Потолочная плитка над головой напоминала вдавленные таблетки, круглые, в квадратной упаковке, от нее мысли плавно перетекли к карточке на столе у врача. Что ему пропишут — физкультуру? Было бы неплохо, ходить и двигаться нужно действительно больше. Да что он, сам не знает? Это ведь кажется, что писать здоровья особенного не требуется, не в забое же стоять. А вот подолби по металлическим клавишам на скорость и без перерыва, когда к сроку машинопись готовишь из рукописи — кисти ноют, от ударной нагрузки трещины между ногтями и подушечками пальцев неделями не заживают, давление прыгает на нервной почве. Да еще сидишь неподвижно часами, так что потом не разогнешься быстро, крестец отваливается, только боком на диван свалиться и анальгин проглотить. Ну и лишний вес, само собой, набирается без движения. Он когда-то пытался делать гимнастику в процессе написания книг, даже обруч просил у Веры, но так его толком и не освоил. Стоило задуматься, обруч с грохотом падал на пол, а соседи яростно стучали по батарее, пришлось отказаться.

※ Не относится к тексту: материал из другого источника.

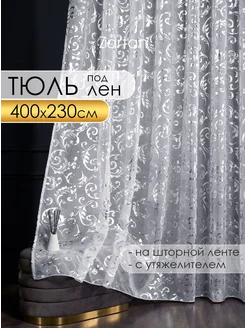 Тюль 400х230 готовый на ленте под лен с рисунком
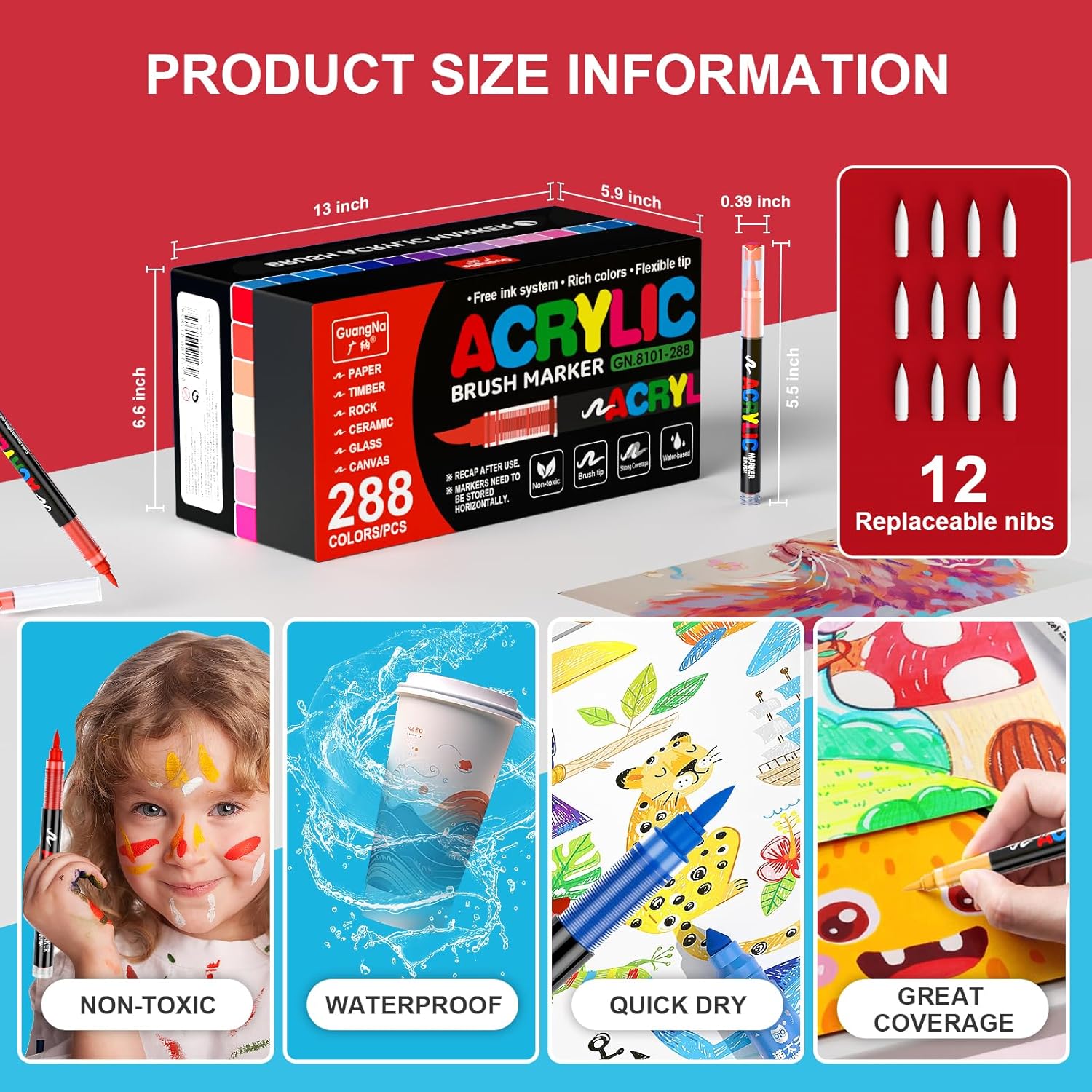 288 Colors Acrylic Paint Markers Soft Brush Tip, Water-Based Paint Pens with Automatic Ink Control System, Odorless, Waterproof, Quick-Dry, Lightfast, for Rock Painting, Canvas, Wood, Egg & DIY Crafts
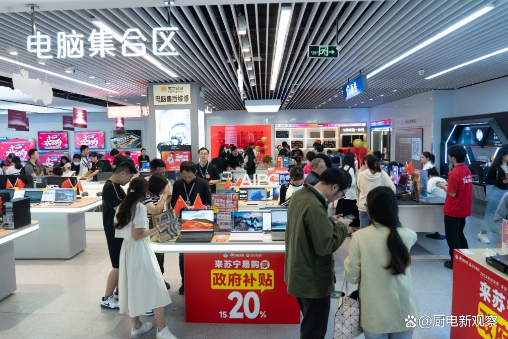 10月7日,根据苏宁易购(以下简称“苏宁”)公布的数据,“十一”假期期间,苏宁全国门店客流同比提升超过200%,以旧换新订单同比增长132%。其中,家电大件功能升级持续加速,立柜式空调、超薄油烟机、嵌入式冰箱销售同比分别增长85%、113%、271%。

Ключ от номера нашелся в кармане, где лежал со вчерашнего дня. В нос прямо с порога ударил кисловатый запах — мокрое полотенце осталось комком на полу в ванной, балкон он закрыл, а уборка и проветривание номера по понятным причинам не состоялись. Александр поднял влажную тряпку, другой рукой сгреб бритвенные принадлежности с подставки под зеркалом, торопливо побросал свое имущество в раскрытый зев чемодана и прошел на балкон. Развешивая полотенце, он понял, о каком экране говорил Дживан — проволочный каркас сверху облепили белые листы, тонкие как калька или капрон, почти невесомые. Цветок на них не реагировал. Как их закрепили, Александр не разобрался, но соцветие наполовину скрылось под куполом, напоминавшим средних размеров планетарий. Теперь только изнутри каркаса его и можно было разглядеть.
Он затолкал в чемодан пижаму, рубашки, придавил крышку коленом и с усилием застегнул — никогда не умел складывать вещи так аккуратно, как делала Вера. У нее бы осталось место для сувениров и парочки массандровских бутылок. На пороге окинул номер взглядом еще раз — ничего не забыл? Нужно было спешить, но он не удержался, заглянул в соседнюю по коридору дверь. Там, конечно, никого не появилось. Эмиссары не принадлежат этому миру. А он, Александр, принадлежит. Вряд ли они когда-нибудь встретятся еще раз.
Банка из-под пива тоже стояла там, где он ее видел в прошлый раз — на тумбочке возле кровати. Вместо розы в ней теперь отражался белый кокон с розоватым свечением внутри.
У молчаливого фонтана перед корпусом Александр прибавил скорости — разглядел на лестнице знакомую женскую фигурку с узлом волос на затылке. С поклажей бегать было затруднительно, но он успел — врач как раз поднялась на площадку от лечебного корпуса. При виде Дживана она непроизвольно замедлила шаг, тот отвесил в ее сторону легкий шутливый полупоклон. Александр заметил, что на ее лице мелькнуло гневное выражение, но она быстро взяла себя в руки и подошла уже спокойной.
— Добрейшего денечка, драгоценная Нина Ивановна, — приветствовал ее Дживан, и Александр внутри радостно вздрогнул — вот и имя, даже делать ничего не пришлось. — Как говорится, на том же месте, в тот же час…
— Здравствуйте, — сухо ответила она и отвернулась от него к своему пациенту. — Ваши назначения и расписание.
Александр принял у нее из рук бумагу, после чего она сделала странную вещь — второй такой же листок протянула Дживану.
— И вам на ознакомление, — коротко пояснила она. — Прошу в указанное время пациента не занимать и не отвлекать.
Дживан пробежал глазами бумагу, Александр непроизвольно сделал то же самое. Кроме отведенных на еду отрезков времени (девять утра, тринадцать, семнадцать) в расписание действительно была включена физическая нагрузка в виде пешей ходьбы не менее часа (предположительно с десяти до одиннадцати утра). Были там гидротерапия и массаж (это шло через черточку, не одновременно, а чередуясь через день с восемнадцати до девятнадцати часов), а также время отдыха — послеобеденного и вечернего (спать предписывалось отправляться в десять вечера). Медицинский осмотр стоял в расписании сразу после завтрака, на него отводилось тридцать минут. Отдельно были указаны рабочие часы, два — с одиннадцати до тринадцати, два — с пятнадцати до семнадцати.